Revisit Clark airport as main gateway
In a congressional hearing, House Speaker Pantaleon Alvarez asked an undersecretary of the Department of Transportation as to how many of the 80 airports in the country he has thus far visited. His reply: only one.
Experts on aviation and financial gurus are one in saying that the best site for the Philippines’ alternative international gateway is the aviation complex of Clark Freeport, and that the Ninoy Aquino International Airport (Naia) should be downgraded to a secondary airport. After all, its 3.2-kilometer single runway can no longer accommodate the larger aircraft. And the runway has no more room for expansion.
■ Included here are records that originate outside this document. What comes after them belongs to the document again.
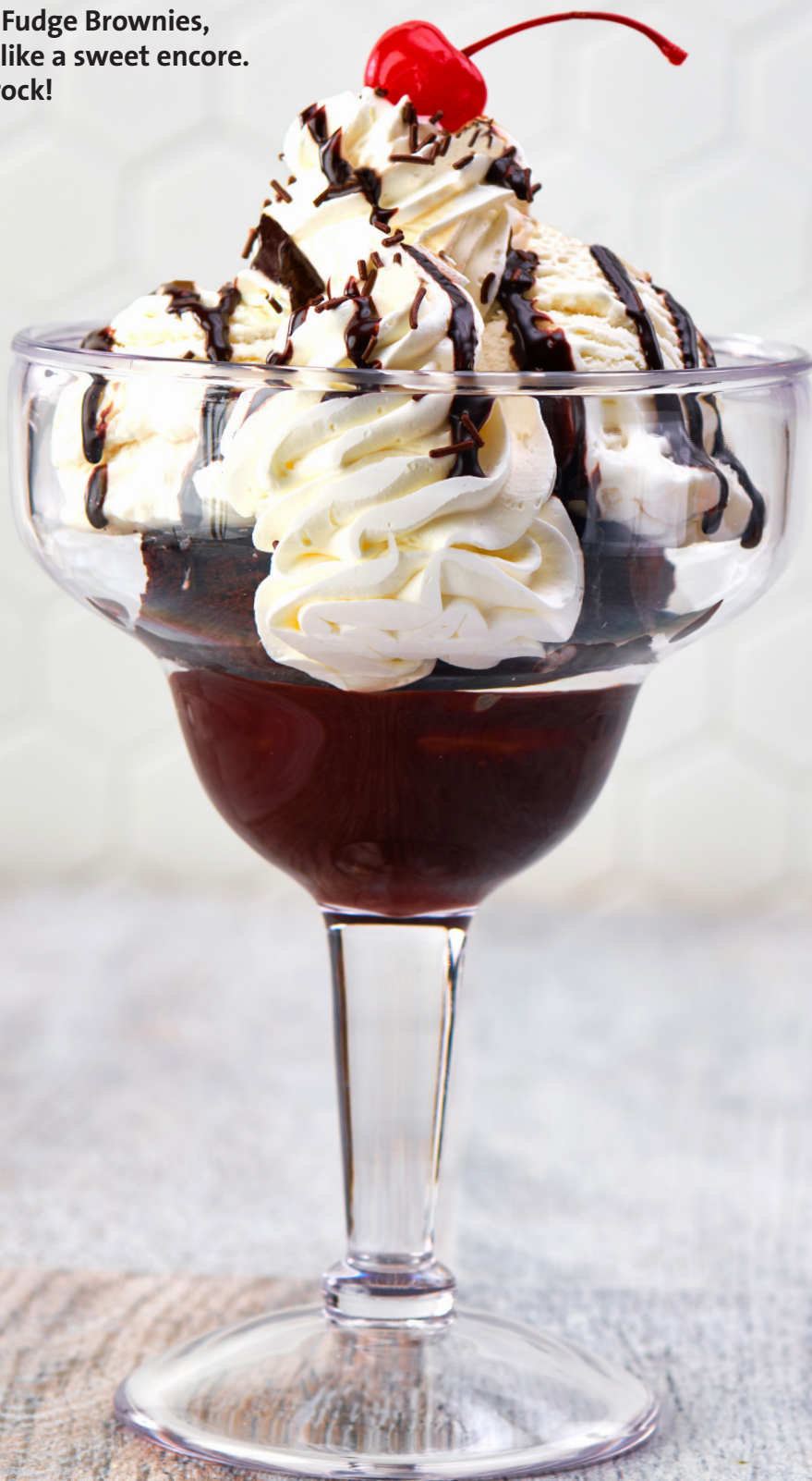
HOT FUDGE BROWNIE

From Milkshakes to Hot Fudge Brownies, nothing says rock n' roll like a sweet encore. Cheers to desserts that rock!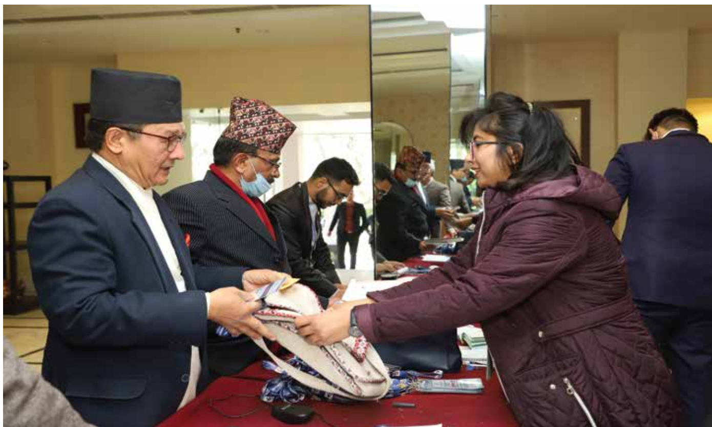
Arrival and Registration of Participants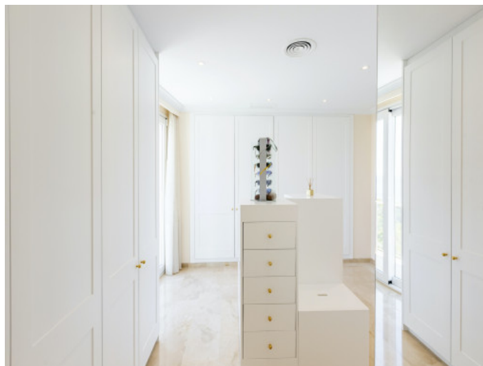
Beautiful dressing room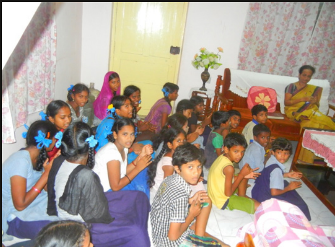
Ministry to orphans in India

In another part of India, one of our Associated Bible School directors has an outreach to the leper villages. Christ For The Nations supports the ministry that helps these lepers, monthly. Would you prayerfully consider giving toward their ministry to help bring the Gospel, healing and support to a group of people the nation considers outcasts?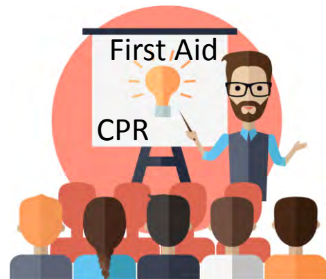
Increased Training Costs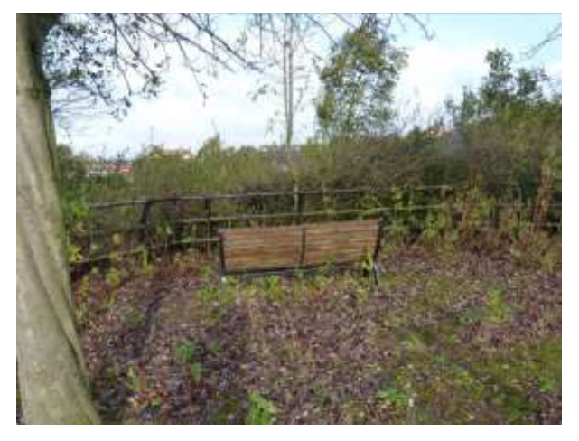
Overgrown but stylistically appropriate railings on Old Barton Road

2.3.3 There is evidence that the now-derelict houses on Chapel Place once had traditional front boundaries formed of upright slabs of roughly-hewn local masonry, which is typical of much of the Trafford area. These should be repaired and fully reinstated where possible and where there is no conflict with consented development proposals. The Redclyffe Road boundary walls of All Saints Church are of similar, roughly-hewn local masonry which is very heavily stained and would benefit from cleaning.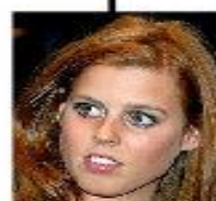
Princess Beatrice b. 8 Aug 1988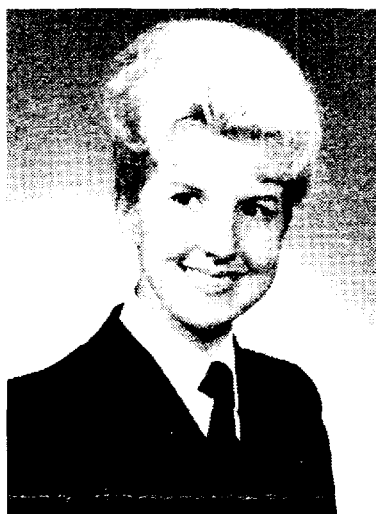
(even more beautiful today)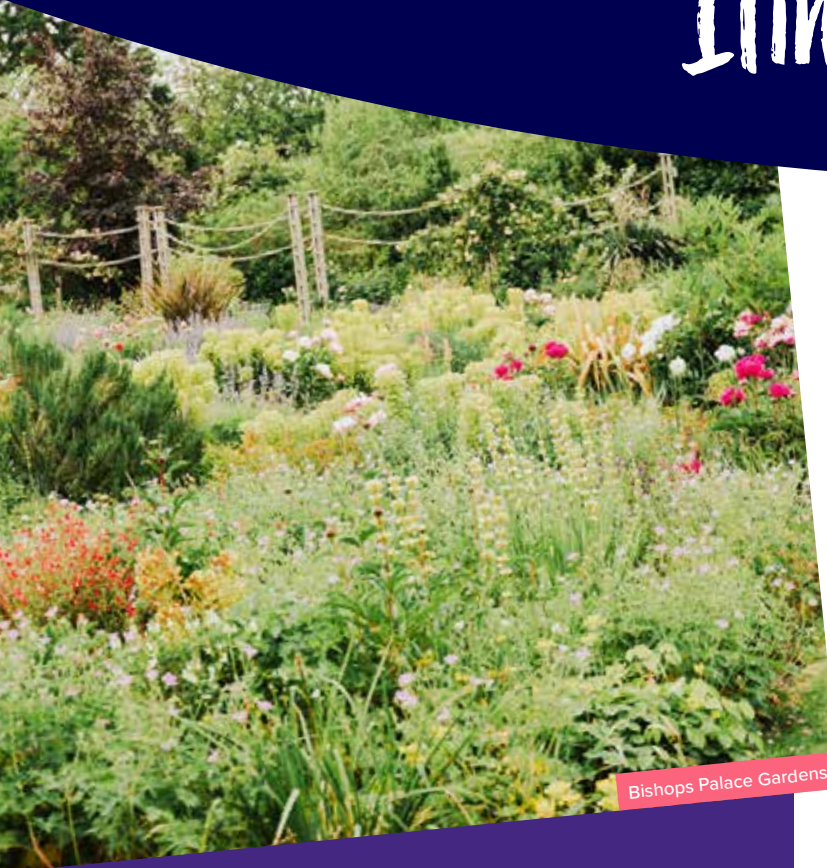
Bishops Palace Gardens

The terminals are too congested, causing airline passengers so much inconvenience.
The Clark aviation complex, with its more than 2,400 hectares and two 3.5-km parallel runways, has more room for expansion. Since it was reopened in 1993, there were several proposals and efforts in the past to convert Clark airport into either the main gateway or the secondary airport given that the Naia is already beyond its capacity.
The last proposal for the construction of a gateway came from the Al Kharafi group of Kuwait in 2008, but it took the Clark International Airport Corp. board more than two years discussing and evaluating the proposal, only to be overtaken by Benigno Aquino III’s assumption into the presidency in 2010—still without closure.
After several failures in getting joint-venture partners, new tacks were tried, but with still no success. Hopefully now, with the new leadership under Transportation Secretary Arthur Tugade, and with support from a strong-willed president, things will go beyond planning.